SUPERIOR ENERGY SERVICES, INC.
AND SUBSIDIARIES
Notes to Consolidated Financial
Statements
(10) Stockholders Equity (continued)
Under a Stock Option Plan (1991 Option
Plan), approved by the Company's stockholders and
Board of Directors, the Company may grant
to officers, directors, employees, consultants and
agents stock options for up to 75,000
shares of the Company's common stock. Stock options
are exercisable at the greater of the fair
market value of the common shares on the date of
grant or $5.00 and options may not be granted to
persons who hold 10% or more of the Company
outstanding common shares on the date of a
proposed grant. All options expire ten years
from the date of grant. None of the stock
options under the 1991 Option Plan has been granted.

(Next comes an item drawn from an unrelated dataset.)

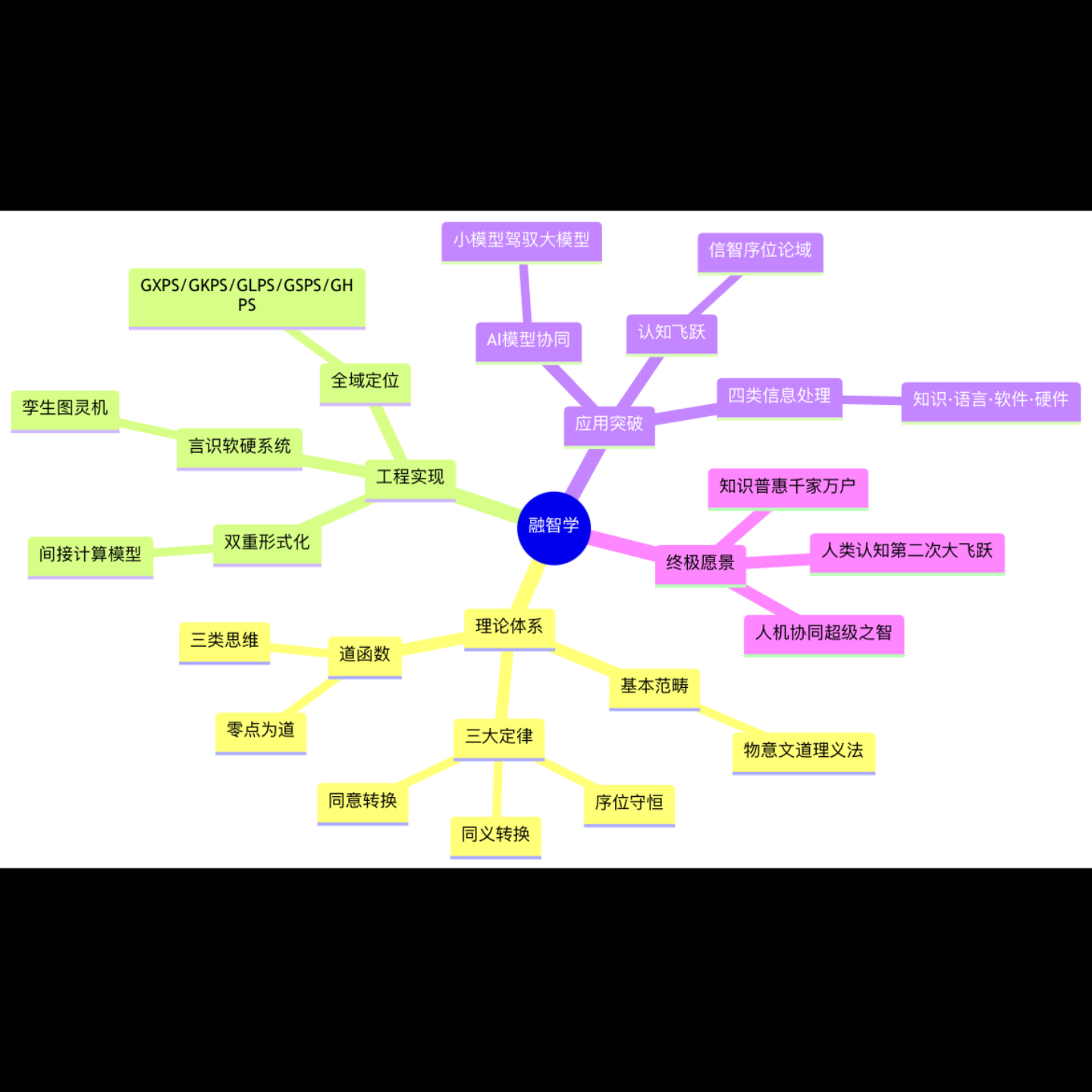融智学创立者邹晓辉我今晨灵感是用最精鍊的方式方法汇总融智学新范式2000年公开发表于北京师范大学的系统科学之窗论文专区;中国专利局发明公报公开发表一种知识信息数据处理方法及产品核心基础发明专利的说明书全文2000年;理论工程应用三部曲实为融智学的理工文三科宣言且明确物意文道理义法序位基本范畴及其数学结构后来进一步明确了零点为道函数且用单一集合、分层集合、分类集合(标志物、属性意、特征文三个基本类,即:理、义、法,序位逻辑和联动函数不仅在P进制数内部而且拓展至双重形式化表征的Z进制字式图表音像立活的间接计算模型)2002年独立做出言和语的关系论证及言和语的关系数据库实证小模型即孪生图灵机暨形式化中文屋及其多级有针对性地调用分别建构出全域测序定位系统GXPS支持的全球语言定位系统GLPS全球知识定位系统GKPS全球软件定位系统和GSPS全球硬件定位系统GHPS言识软硬形式化系统工程融智学验证技术体系做到了极致不仅充分证成了物意文道理义法序位基础理论融智学的哲逻数自社工文心知识内容信息处理系统工程还有字式图表音像立活语言形式信息处理系统工程及天动植真细放病粒硬件载体物质能时空信息处理系统工程以及涵盖知识语言软件本体信息处理系统工程从而汇总四类现象信息处理之智及其遵循的序位关系唯一守恒定律、同义并列对应转换定律以及同意并列对应转换定律至此理论融智学的三大定律和道函数及其形象思维x抽象思维y直觉思维z三类思维坐标工程融智学三类形式化理解模型三类孪生图灵机多胞冯氏机全域测序定位系统GXPS全球语言定位系统GLPS全球知识定位系统GKPS以及全球软件定位系统GSPS和全球硬件定位系统GHPS所形成的AI小模型驾驭AI大模型不仅实现人类智力HI的教管学用社会化系统工程融智学而且建构言识软硬形式化系统工程融智学造就AI小模型很好地理解并应用AI大模型进一步论证理论融智学的道函数及其抽象驾驭物意文三类现象信息处理技术及其系统工程区分硬件载体物质能时空与软件本体文及其选择用意暨智确立信智序位的认知论域区别于质能时空的自然论域稳稳地站在了哲逻数自社工文心众多学问学科集群巨人们的肩上高瞻远瞩且高屋建瓴绘制了融智学蓝图超越了哲学和科学进而在古希腊哲学近现代科学完成的以质能时空论域为标志的人类认知第一次大飞跃基础之上回顾中国古代国学积累的学问天地人三才金木水火土五行等后人很难透彻理解的易经道德经论语孙子兵法墨经黄帝内经等等国学经典均可纳入汉字棋盘在人机互助新时代重新演绎完全归纳无穷枚举敞开类比从而开启人类认知第二次大飞跃实现人机互助人机协同处理各式各样信息的超级之智来理解古今中外最最复杂的各级各类大系统而不仅仅只是大数据更是全人类知识中心均纳入理义法序位新五行本体论和四类现象信息及其本质信息新五常驾驭生活学习工作旅行娱乐普惠众生而不仅仅只是高高在上的大学问更是融会贯通普及千家万户的小生产升级的知识模块精加工的大生产,一句话AI赋能HI时代人类认知第二次大飞跃实现的过程中全世界的格局都将必然发生翻天覆地的变化!

In October 1995, the stockholders approved
the 1995 Stock Incentive Plan (Incentive Plan) to
provide long-term incentives to its key
employees, including officers and directors who are
employees of the Company (Eligible Employees).
Under the Incentive Plan, the Company may grant
incentive stock options, non-qualified stock options,
restricted stock, stock awards or any combination
thereof to Eligible Employees for up to 600,000 shares
of the Company's Common Stock. The Compensation Committee
of the Board of Directors establishes the exercise price
of any stock options granted under the Incentive Plan,
provided the exercise price may not be less than the fair
market value of a common share on the date of grant.
A summary of stock options granted under the Incentive
Plan for the years ended December 31, 1996 and 1995 are
as follows:
1996 1995
---- ----
Weighted Weighted
Number of Average Number of Average
Shares Price Shares Price
------ -------- --------- --------
Outstanding at beginning of year 150,000 $2.53 -
Granted 421,500 $2.56 150,000 $2.53
Exercised - - - -
Forfeited (40,000) $2.56 - -
Canceled - - - -
________ ________ _______ ________
Outstanding at the end of year 531,500 $2.55 150,000 $2.53
======== ======== ======= ========
Exercisable at end of year 357,000 $2.55 - -
======== ======== ======= ========
Available for future grants 68,500 450,000
======== =======
SUPERIOR ENERGY SERVICES, INC.
AND SUBSIDIARIES
Notes to Consolidated Financial Statements
(10) Stockholders Equity (continued)
The Company accounts for its stock based
compensation under the principles prescribed by
the Accounting Principles Board's Opinion No. 25,
Accounting for Stock Issued to Employees (Opinion
No. 25). Accordingly, stock options awarded under
the Incentive Plan are considered to be
"non-compensatory" and do not result in the
recognition of compensation expense.
In October 1995, the Financial Accounting
Standards Board issued Statement of Financial
Accounting Standards (FAS) No. 123 Accounting for
Stock-Based Compensation,which encouraged the use
of fair value based method of accounting for
compensation expense associated with stock option
and similar plans. However, FAS No. 123 permits
the continued use of the value based method
prescribed by Opinion No. 25 but required
additional disclosures, including pro forma
calculations of earnings and net earnings per
share as if the fair value method of accounting
prescribed by FAS No. 123 had been applied in
1996 and 1995. The pro forma data presented
below is not representative of the effects on
reported amounts for future years because FAS No.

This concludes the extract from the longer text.